[Data records]
((

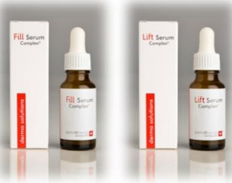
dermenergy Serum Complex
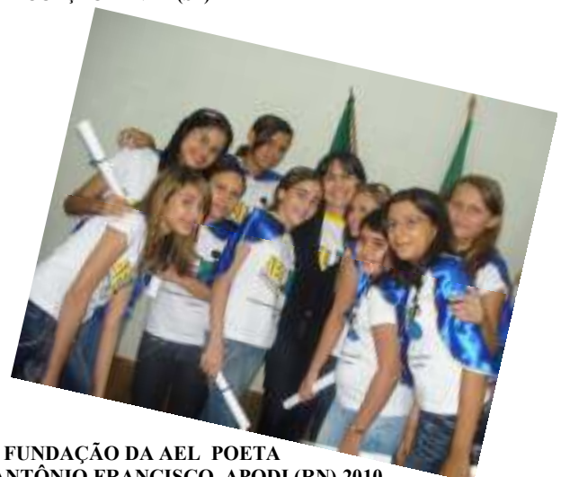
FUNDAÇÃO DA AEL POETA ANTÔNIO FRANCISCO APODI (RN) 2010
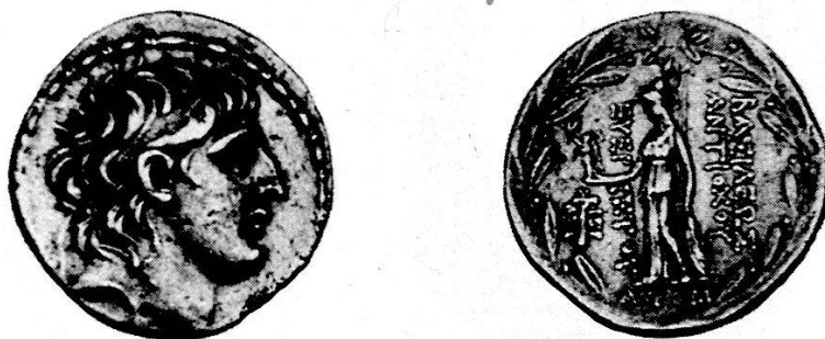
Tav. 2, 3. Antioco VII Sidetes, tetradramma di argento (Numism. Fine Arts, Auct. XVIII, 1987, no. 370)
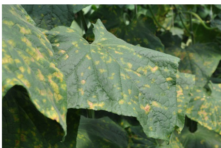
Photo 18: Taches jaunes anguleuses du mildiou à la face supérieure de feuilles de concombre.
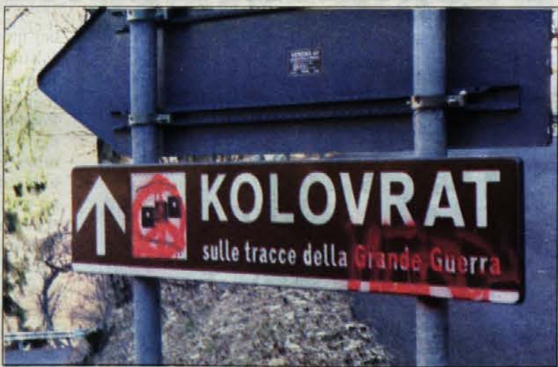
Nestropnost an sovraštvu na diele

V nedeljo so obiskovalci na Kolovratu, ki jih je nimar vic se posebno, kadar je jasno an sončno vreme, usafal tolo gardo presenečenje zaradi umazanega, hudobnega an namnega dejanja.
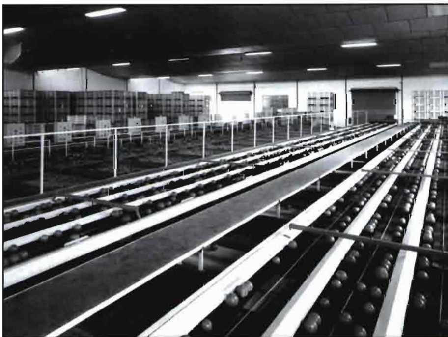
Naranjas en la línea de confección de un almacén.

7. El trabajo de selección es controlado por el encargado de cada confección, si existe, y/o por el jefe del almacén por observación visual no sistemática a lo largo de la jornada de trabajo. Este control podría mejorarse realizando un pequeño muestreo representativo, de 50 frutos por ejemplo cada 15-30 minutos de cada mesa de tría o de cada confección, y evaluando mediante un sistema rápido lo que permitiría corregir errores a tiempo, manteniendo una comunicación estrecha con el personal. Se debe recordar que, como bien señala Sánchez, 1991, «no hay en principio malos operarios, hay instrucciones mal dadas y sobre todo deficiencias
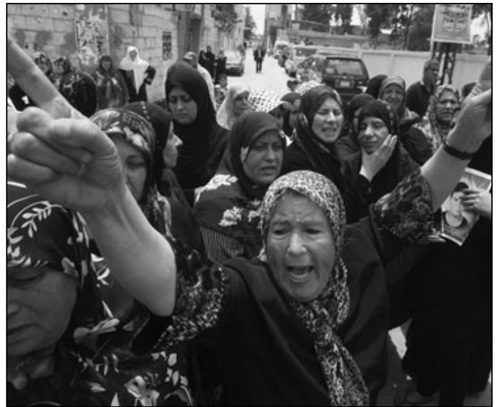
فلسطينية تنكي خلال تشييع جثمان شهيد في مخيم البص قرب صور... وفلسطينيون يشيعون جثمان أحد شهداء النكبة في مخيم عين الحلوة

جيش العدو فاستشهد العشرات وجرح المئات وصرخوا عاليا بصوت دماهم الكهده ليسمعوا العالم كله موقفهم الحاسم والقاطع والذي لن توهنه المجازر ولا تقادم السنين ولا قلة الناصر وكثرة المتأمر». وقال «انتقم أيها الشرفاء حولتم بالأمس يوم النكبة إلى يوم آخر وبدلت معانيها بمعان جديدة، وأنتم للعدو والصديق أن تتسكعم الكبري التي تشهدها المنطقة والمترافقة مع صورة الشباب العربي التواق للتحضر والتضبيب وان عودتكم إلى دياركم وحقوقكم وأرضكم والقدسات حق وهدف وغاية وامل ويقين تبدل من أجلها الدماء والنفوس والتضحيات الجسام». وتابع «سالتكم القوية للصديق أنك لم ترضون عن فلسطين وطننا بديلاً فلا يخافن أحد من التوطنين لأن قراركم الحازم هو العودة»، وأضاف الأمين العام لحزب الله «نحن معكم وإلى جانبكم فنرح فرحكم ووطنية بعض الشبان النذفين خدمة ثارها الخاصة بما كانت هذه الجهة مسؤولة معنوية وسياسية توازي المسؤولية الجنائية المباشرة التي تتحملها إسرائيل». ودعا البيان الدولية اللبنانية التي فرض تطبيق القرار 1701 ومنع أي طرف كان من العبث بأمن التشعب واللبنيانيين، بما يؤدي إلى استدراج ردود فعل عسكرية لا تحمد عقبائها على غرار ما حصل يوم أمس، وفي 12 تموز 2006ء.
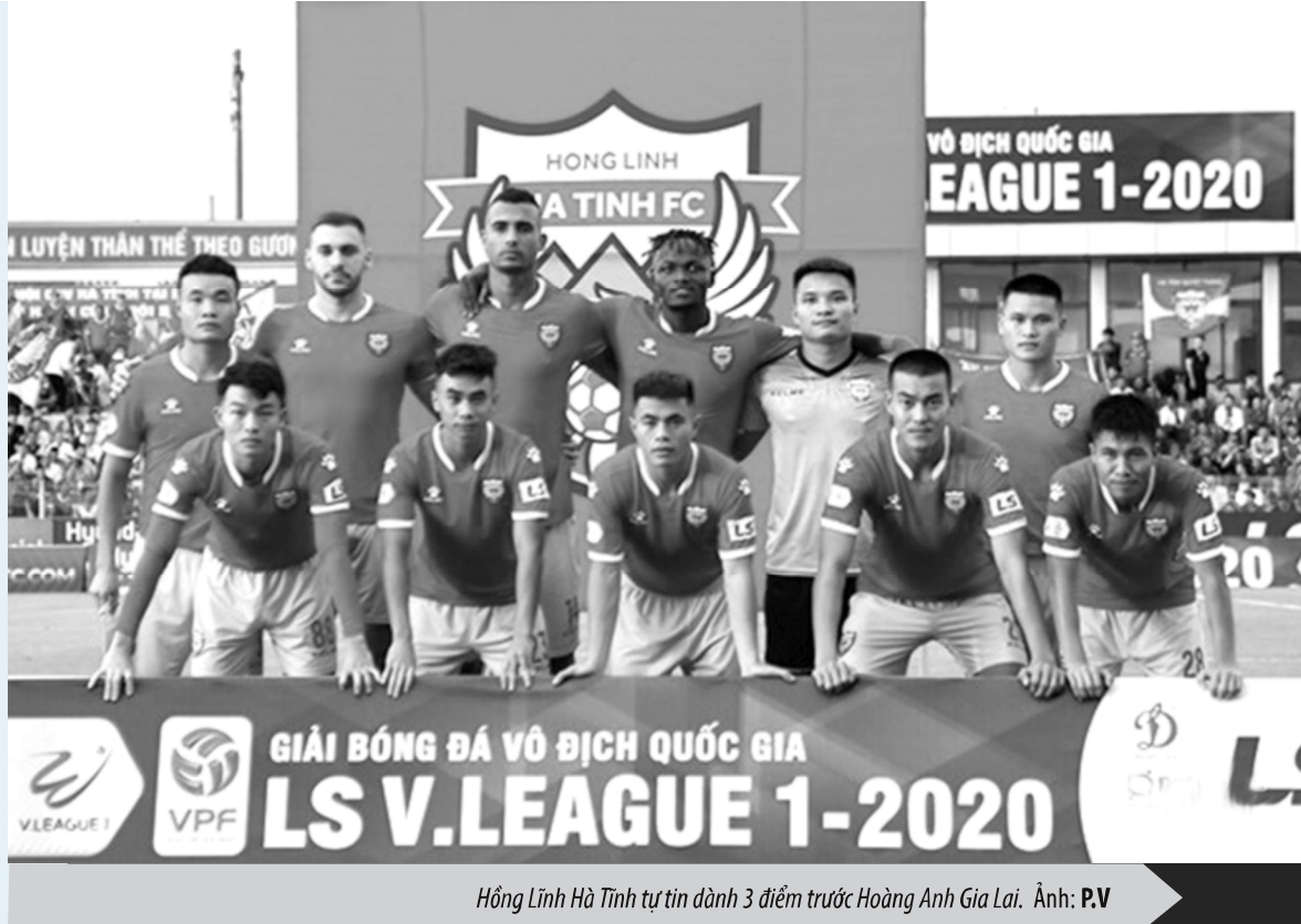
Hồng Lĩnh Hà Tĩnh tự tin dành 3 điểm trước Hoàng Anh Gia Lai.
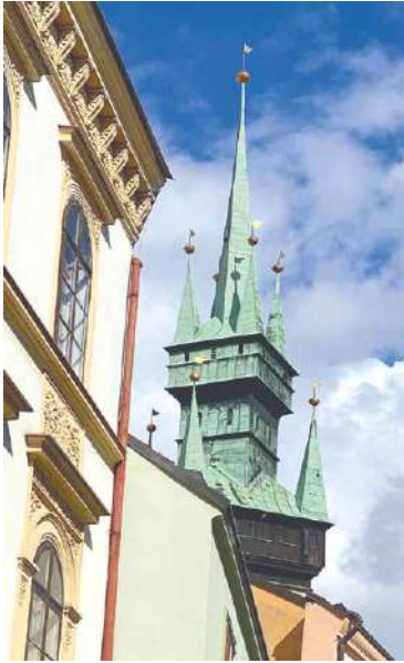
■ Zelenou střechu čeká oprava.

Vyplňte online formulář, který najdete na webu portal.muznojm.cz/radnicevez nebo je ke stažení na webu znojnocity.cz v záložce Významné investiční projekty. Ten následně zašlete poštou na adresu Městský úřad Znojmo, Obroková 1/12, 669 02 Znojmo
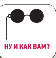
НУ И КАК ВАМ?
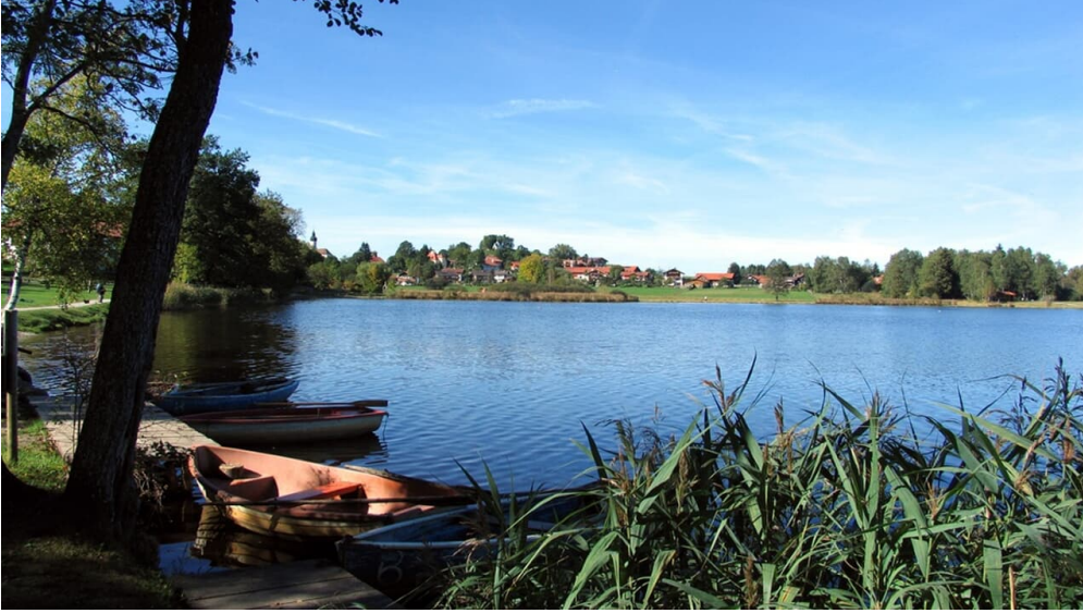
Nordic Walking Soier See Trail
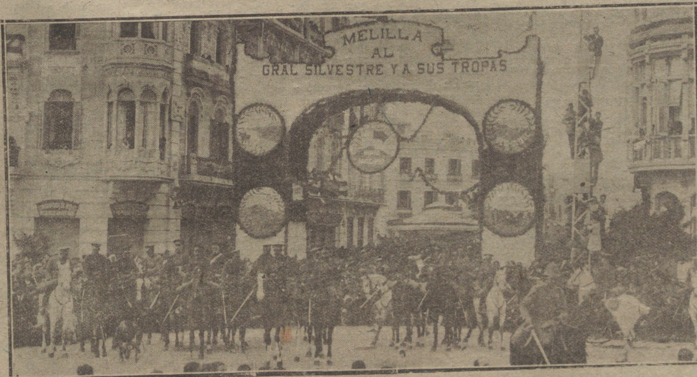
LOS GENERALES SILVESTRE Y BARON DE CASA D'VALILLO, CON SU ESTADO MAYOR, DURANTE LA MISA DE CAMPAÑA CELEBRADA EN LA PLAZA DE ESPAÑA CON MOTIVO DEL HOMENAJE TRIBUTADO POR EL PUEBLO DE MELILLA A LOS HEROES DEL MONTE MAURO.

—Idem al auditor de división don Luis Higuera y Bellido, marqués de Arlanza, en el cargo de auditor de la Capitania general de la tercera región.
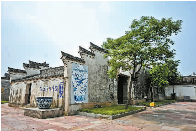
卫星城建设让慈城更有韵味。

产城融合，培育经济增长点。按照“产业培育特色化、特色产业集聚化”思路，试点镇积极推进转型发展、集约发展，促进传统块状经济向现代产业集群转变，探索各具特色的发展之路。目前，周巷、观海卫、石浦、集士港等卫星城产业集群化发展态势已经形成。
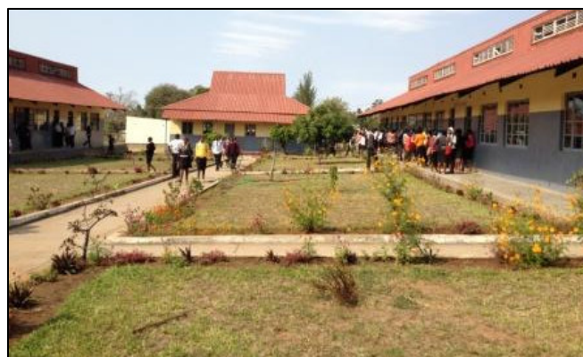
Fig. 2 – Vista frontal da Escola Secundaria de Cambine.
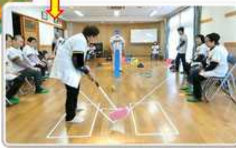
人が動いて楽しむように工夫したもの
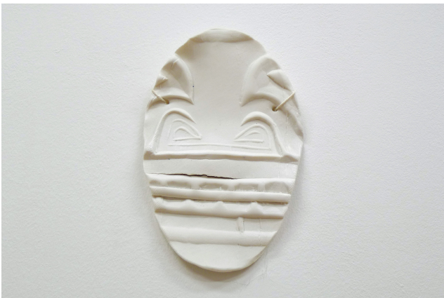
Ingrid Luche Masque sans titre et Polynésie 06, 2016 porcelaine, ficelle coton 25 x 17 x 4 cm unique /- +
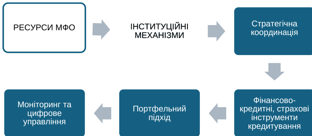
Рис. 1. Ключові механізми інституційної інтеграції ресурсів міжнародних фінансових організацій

))

What you need to do: Set down exactly the lines running from the beginning of the entries above to the line that contains "V nedeljo so", including both, and leave out pictures.

Response to this task:
dermenergy Serum Complex
FUNDAÇÃO DA AEL POETA ANTÔNIO FRANCISCO APODI (RN) 2010
Tav. 2, 3. Antioco VII Sidetes, tetradramma di argento (Numism. Fine Arts, Auct. XVIII, 1987, no. 370)
Photo 18: Taches jaunes anguleuses du mildiou à la face supérieure de feuilles de concombre.
Nestropnost an sovraštvu na diele

V nedeljo so obiskovalci na Kolovratu, ki jih je nimar vic se posebno, kadar je jasno an sončno vreme, usafal tolo gardo presenečenje zaradi umazanega, hudobnega an namnega dejanja.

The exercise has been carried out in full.